- _The problem_:
Your answer must be an exact copy of the lines below, from the first through the one with "लोधमा, गोविन्दपुर के", with no pictures.

[Extracted data entries]
▼
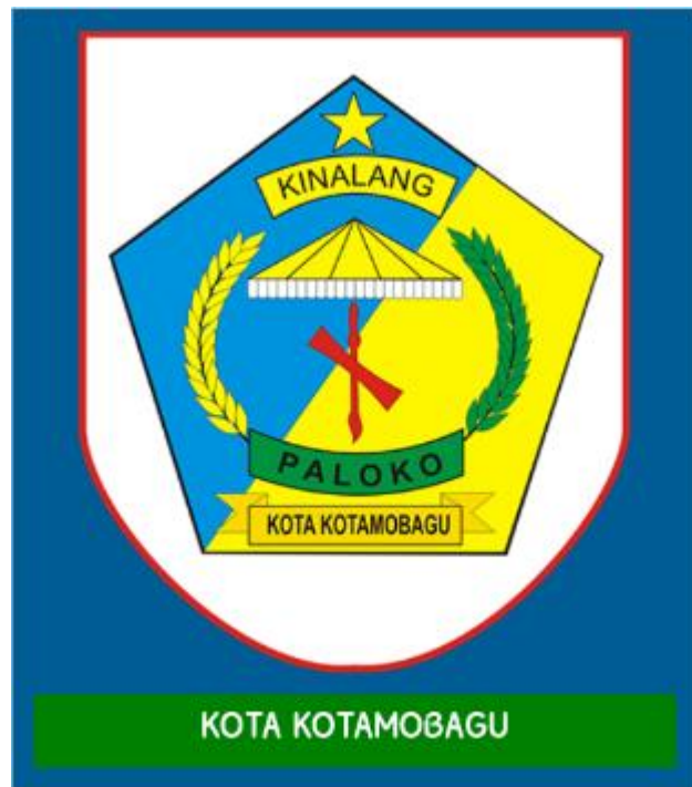
Gambar 4 Lambang Daerah Kota Kotamobagu

Pemerintah Walikota pertama sampai ketiga
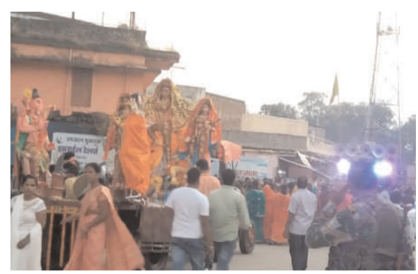
लोधमा, गोविन्दपुर के सार्वजनिक दुर्गा पूजा समिति गोविन्दपुर, दुर्गा पूजा समिति जरियागढ़ के लोगों ने मां दुर्गा के प्रतिमा का विसर्जन किया। वहीं बुधवार को सार्वजनिक दुर्गा पूजा समिति शिवालय कर व सार्वजनिक दुर्गा पूजा समिति महतो टोली कर के लोगों ने धूमधाम से ढोल नगाड़े के साथ मां दुर्गा कि प्रतिमा का लौकल तालाब में

धूमधाम व हर्षोल्लास से खलारी में संपन्न हो गया दुर्गापूजा प्रभात मंत्र संवाददाता खलारी : खलारी प्रखंड क्षेत्र में दुर्गापूजा का त्योहार पूरे भक्तिभाव, धूमधाम तथा शांतिपूर्ण माहौल में संपन्न हो गया। लोगों ने पूरी श्रद्धा व भक्ति भाव से मां दुर्गा की आराधना की। पूजा पंडालों में मां दुर्गा की आराधना से संबंधित मंत्रों की गूंज रही। कई लोगों ने पूरे नवरात्र में उवास किया। दशमी के दिन मंगलवार को महिलाओं ने पूजा पंडालों में सिंदूर लगाकर मां दुर्गा को विदा किया। सुहागिनों ने इस दौरान एक दूसरे को भी सिंदूर लगाया। श्रीजानकी रमण मंदिर, करकट्टा पंडाल सहित सभी पूजा पंडालों के सामने मेला लगाया गया था। बच्चों, महिलाओं ने मेले में जमकर खरीदारी की तथा व्यंजनों का लुप्त उठाया। नवमी के दिन 'जय माता दी रम्य' खलारी द्वारा श्रीजानकीरमण मंदिर पंडाल के बाहर खिचड़ी प्रसाद वितरण किया गया। विजयदशमी के दिन ही श्रीजानकी रमण मंदिर खलारी, करकट्टा, धमधमिया के पंडाल में स्थापित मां दुर्गा की प्रतिमाओं को नगर भ्रमण के बाद नजदीक के तालाबों, नदियों में विसर्जन कर दिया गया।
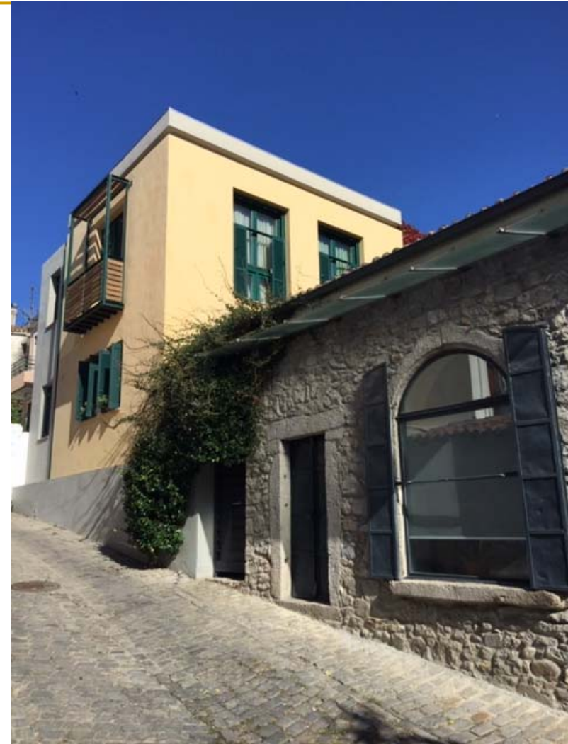
Παραδείγματα σύγχρονων κατασκευών μέσα στον παραδοσιακό ιστό
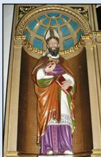
13 . Włochy - Turyn, fg pch w ko NMP;
▲
- _Exercise solution_:
Gambar 4 Lambang Daerah Kota Kotamobagu

Pemerintah Walikota pertama sampai ketiga
लोधमा, गोविन्दपुर के सार्वजनिक दुर्गा पूजा समिति गोविन्दपुर, दुर्गा पूजा समिति जरियागढ़ के लोगों ने मां दुर्गा के प्रतिमा का विसर्जन किया। वहीं बुधवार को सार्वजनिक दुर्गा पूजा समिति शिवालय कर व सार्वजनिक दुर्गा पूजा समिति महतो टोली कर के लोगों ने धूमधाम से ढोल नगाड़े के साथ मां दुर्गा कि प्रतिमा का लौकल तालाब में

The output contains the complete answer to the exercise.